I have not been to Highlandtown for several years. Are the weeds back? Used to enjoy the lake but when the weeds left was not nearly as good. Someone said the "grass carp" died off.


----------



## Bad Bub (Jan 17, 2006)

Still no weeds... still tons of carp. And you're right... it's nothing like it was in years past.


----------



## EDE (Nov 6, 2015)

Bad Bub said:


> Still no weeds... still tons of carp. And you're right... it's nothing like it was in years past.


Thanks!!


----------



## webothfish (Mar 28, 2008)

it did change the lake a bit, bluegills not quite as big on average, and the tons of small bass seem to be fewer. Grass carp definitely still there in the shallows looks like a herd of cows plowing through when you get close.


----------



## StarkFisherman (May 17, 2008)

Is this the small lake near Zeppernick? Right off 172?


----------



## EDE (Nov 6, 2015)

Highlandtown is off Rt 39 between Salineville and Wellsville.


----------



## Bad Bub (Jan 17, 2006)

StarkFisherman said:


> Is this the small lake near Zeppernick? Right off 172?

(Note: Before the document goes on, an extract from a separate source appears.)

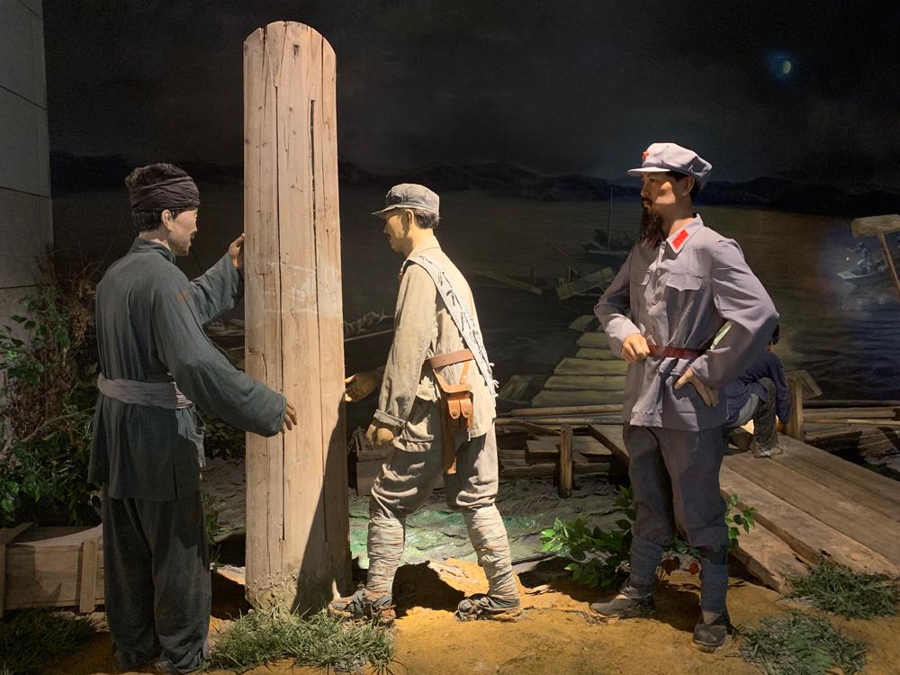 △中央紅軍出發(fā)紀(jì)念館再現(xiàn)于都老人將自己的棺木捐給紅軍搭浮橋的場景。(總臺(tái)央視記者郭晗光拍攝)

You're thinking of Guilford I believe.


----------



## MAB3169 (Aug 15, 2017)

No.. that's Ruff pond


StarkFisherman said:


> Is this the small lake near Zeppernick? Right off 172?


----------



## Hatchetman (Apr 13, 2004)

Zepperneck is a few


MAB3169 said:


> No.. that's Ruff pond


miles north of Highlandtown and is a 9.9 lake now


----------